Até ao último segundo de quarta-feira "tudo é possível”, mas o terreno está arenoso para o Governo conseguir fazer com que o Orçamento do Estado para 2022 seja aprovado na generalidade. É que depois de o Bloco de Esquerda (BE) ter anunciado este domingo que vai votar contra (se o executivo não ceder nas suas exigências), hoje foi a vez de o PCP trilhar o mesmo caminho, no sentido oposto de António Costa.

As razões dos comunistas para tal? Ora, pelo que "está, mas também pelo que não está" na proposta do Orçamento, segundo justificou Jerónimo de Sousa. Mas não só. O facto de o Governo não querer "acompanhar" as sugestões (imposições) dos comunistas não terá ajudado.

"Não havendo reconsideração por parte do Governo, [ou] disponibilidade para dar respostas aos problemas concretos que o nosso país e o nosso povo atravessam… Este esforço, este empenhamento da nossa parte, não encontrou eco por parte do Governo do PS", esmiuçou ainda.

Este eco parece, aliás, transversal a todos os votos "contra" anunciados nas últimas horas. Assim aconteceu ontem com o BE e esta segunda-feira com o PCP e PEV. Catarina Martins sugeriu que António Costa mostra "intransigência" em relação ao orçamento; o PCP, como se referiu umas linhas mais acima, de que o executivo "não acompanha" os comunistas na sua jornada em defesa do povo; e, por último, o PEV acusou o Governo de ter falta de "flexibilidade".

No entanto, para BE e PCP, o Governo não deixou de contra-atacar e esgrimir argumentos na ótica do "não percebemos a razão" por irem no sentido oposto ao do executivo. E enfatiza que não só tentou encontrar caminho até os dois partidos como o fez de uma maneira como nunca o tinha feito.

"O Governo lamenta a posição do PCP. Nunca tínhamos ido tão longe no diálogo com o PCP como neste Orçamento", declarou esta segunda-feira Duarte Cordeiro. Ou seja, para os comunistas, o "nunca tínhamos ido tão longe" do executivo não foi longe o suficiente.

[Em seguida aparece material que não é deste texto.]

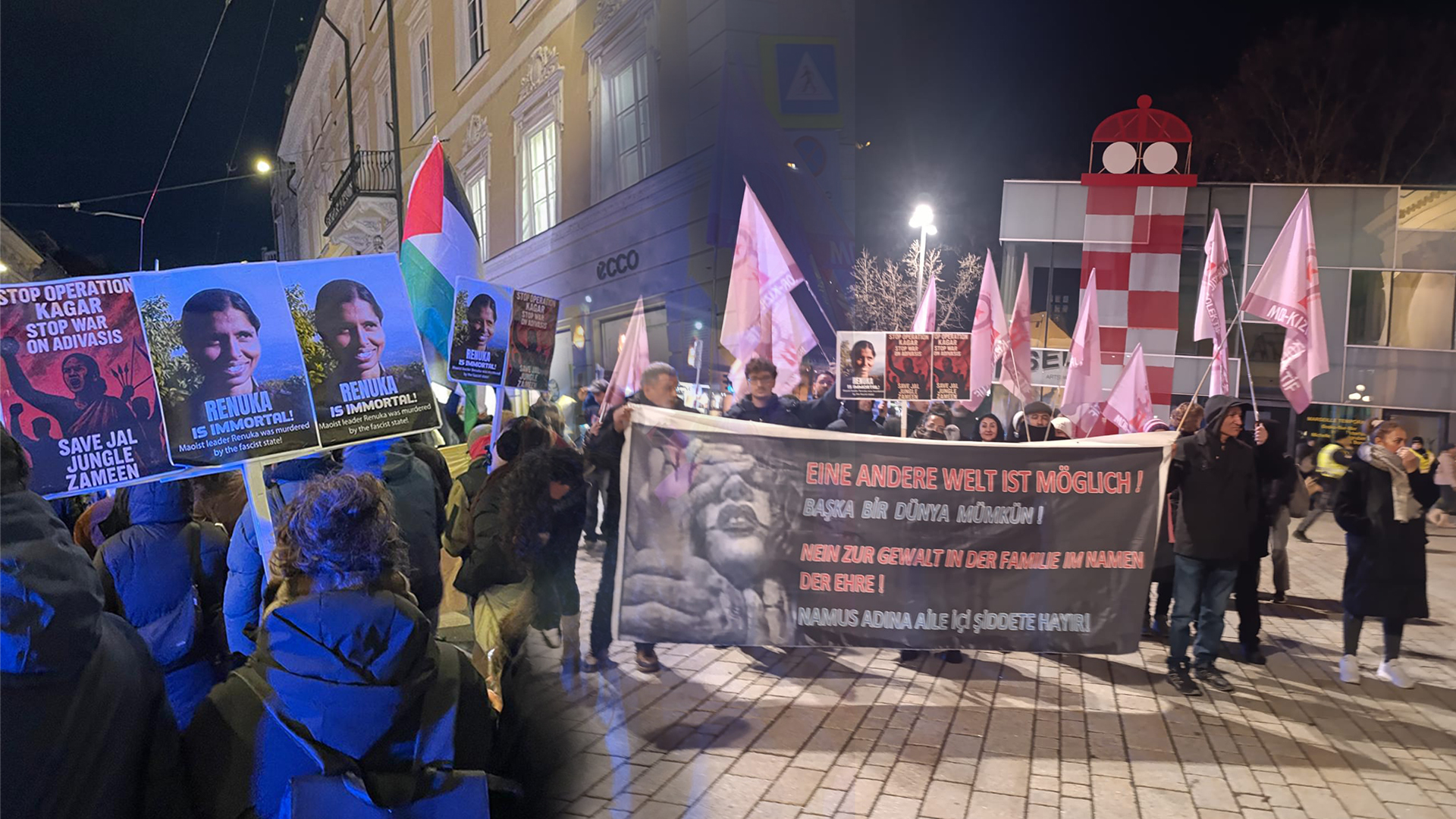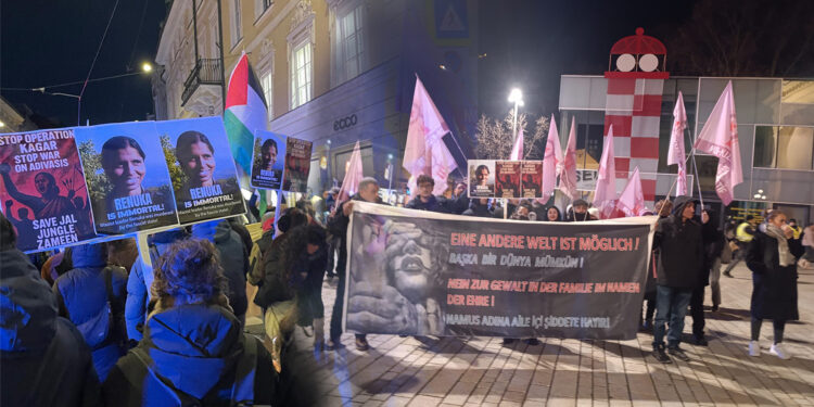 Innsbruck’un kalabalık sokaklarından geçen kitle yoğun bir şekilde “Yaşasın Enternasyonal Dayanışma”, “Kadın Katliamlarına Hayır”, “Jin Jiyan Azadî” sloganlarını haykırdı. Yürüyüş Landesmuseum önünde gerçekleştirilen müzik dinletisinin ardından sonlandırıldı.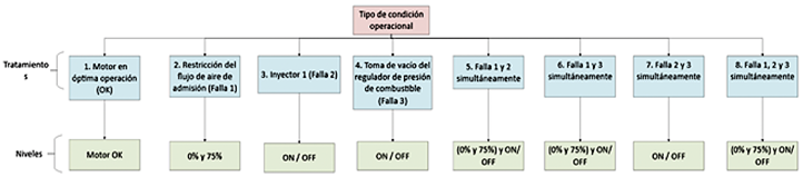 En la Figura 5 se describen las ocho condiciones de operación establecidas para el motor en estudio, cada una acompañada de su correspondiente nivel, incluida la condición de funcionamiento óptimo del motor. |

O que se segue? Se não existir nenhum acordo de última hora, o Presidente já o tinha confirmado ontem e voltou a reiterá-lo hoje: "Ou há Orçamento ou avanço para a dissolução" da Assembleia da República.

O filme dos últimos 15 dias, de como chegámos aqui, na versão do Governo, está presente nas palavras de Duarte Cordeiro:

"Se, por um lado, o Governo nunca tinha ido tão longe, também nunca antes o Governo tinha sentido um nível de exigência tão grande. Talvez isso explique a dificuldade que estamos a ter [para a viabilização do Orçamento], apesar de tantos avanços e de tantas conquistas", declarou.

Em suma: existiram várias reuniões e cedências de última hora, mas não foi suficiente para viabilizar o documento. E, tudo somado, a aritmética dita que o Governo apenas conseguiu o voto favorável do PS e as abstenções do PAN e das duas deputadas não inscritas, Joacine Katar Moreira (ex-Livre) e Cristina Rodrigues (ex-PAN) — sendo que os restantes partidos (PSD, BE, PCP, CDS-PP e PEV) e deputados único (IL e Chega) anunciaram o voto contra, chumbando o OE2022 logo na primeira 'prova de fogo’.

O António Costa está neste momento reunido em Conselho de Ministros e a noite promete ser longa — quer para o primeiro-ministro quer para os seus membros do executivo. Tão longa que se deve prolongar até quarta-feira. Ou, talvez, até bem mais do que isso, se o parlamento cair e o país estiver à beira de novas eleições. Aguardemos pelo desfecho desta reunião que certamente ditará os contornos do futuro político do país.